Underwater Power Generator can Autonomously Switch Between Two Functional Modes

Underwater vehicles, detectors, and diving robots need their own supply of energy to run for extended periods autonomous of ships. A new, economical system for the direct electrochemical extraction of energy from seawater delivers the benefit of also being able to endure short spikes in power demand, while preserving longer term steady power. To achieve that, the system can independently switch between two modes of operation, as scientists state in the journal Angewandte Chemie.

Charting submarine landforms, temperatures, and currents, and checking and repairing pipelines and deep-sea cables are some of the few examples of tasks performed autonomously by underwater devices deep in the ocean.

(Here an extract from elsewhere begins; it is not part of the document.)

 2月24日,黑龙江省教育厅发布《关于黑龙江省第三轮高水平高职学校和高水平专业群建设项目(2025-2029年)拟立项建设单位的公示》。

Under these tough conditions, the challenge for power generators is to generate both a high energy density (long run time with standard power use) and high power density (short-term high current flow) for tasks such as fast movement or action of a gripper.

Liang Tang, Hu Jiang, and Ming Hu and their team from the East China Normal University in Shanghai, Shanghai University, and the Chinese Research Academy of Environmental Sciences in Beijing, China, have drawn inspiration from marine organisms that can change their cell respiration between anaerobic and aerobic modes by using various materials as electron acceptors. The scientists have engineered a new power generator that operates by the same principles.

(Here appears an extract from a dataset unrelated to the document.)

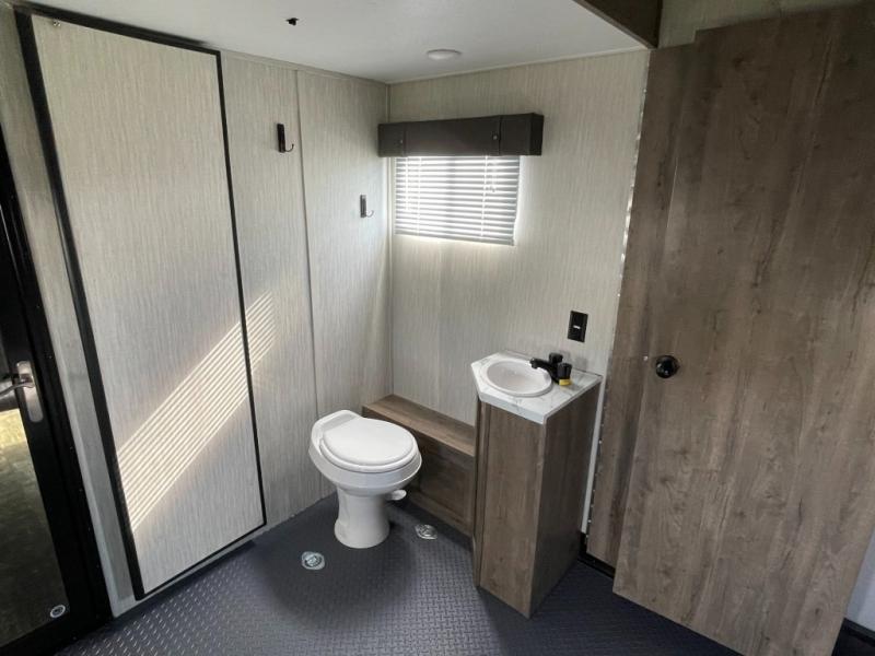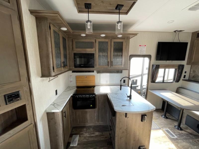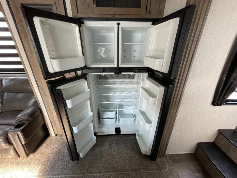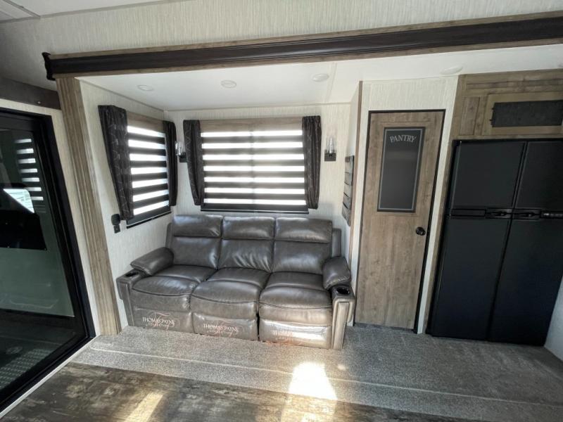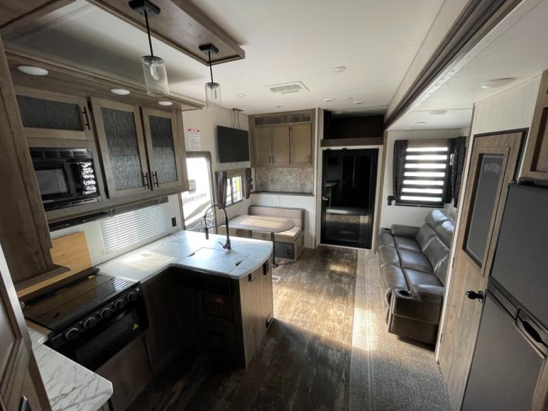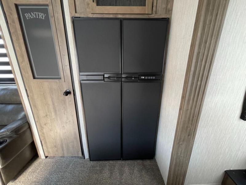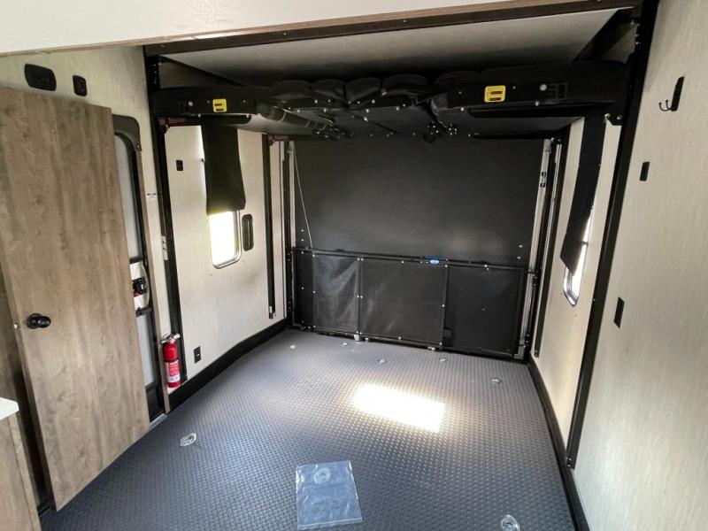 When you're looking to upgrade your RV to a larger unit with more amenities, choose this toy hauler. Your guests will enjoy the 13' separate garage that features two sofa beds with a Happijac power bed above and a convenient half bath under the loft. The chef of the family can prepare all the meals on the cooktop indoors or use the outside kitchen to get some fresh air. This model also includes a dual entry bath that creates a front master suite mom and dad are sure to love. The Wolf Pack king bed features an upgraded hypoallergenic Evergreen mattress and the wardrobe slide provides more interior space to relax. You'll love everything about this model, including the ramp door which doubles as a "party patio", the dual entry doors for a smooth flow of traffic, and two patio awnings!

The crucial factor to the discovery is a cathode made of Prussian blue, an open framework structure having cyanide ions as “struts” and iron ions as “nodes”, which can simply accept and discharge electrons. When integrated with a metal anode, this structure can be used to produce electricity from seawater.

If the power demand is small, the electrons flowing into the cathode are conveyed straight to dissolved oxygen. Since dissolved oxygen in seawater is inexhaustible, power at low current can supposedly be provided for unrestricted time. However, the concentration of dissolved oxygen is not high. When the power demand, and thus current, are suddenly increased, there is not sufficient oxygen at the cathode to instantly accommodate all of the incoming electrons. The Prussian blue must, thus, store these electrons by decreasing the oxidation state of the iron atoms from +3 to +2. To preserve a charge balance, positively charged sodium ions stay within the framework. Since these are present in high concentration in seawater, a number of sodium ions—and, thus, many electrons—can be absorbed in a short span of time. When the current demand slowly decelerates, electrons are shifted to oxygen once again, oxygen regenerates the framework, Fe²⁺ is oxidized to Fe³⁺, and the sodium ions leave.

This new system is very consistent in corrosive seawater and can endure frequent mode switches. It worked unceasingly for four days in its high-energy mode without any loss of power. The high-power mode could supply 39 light-emitting diodes and a propeller.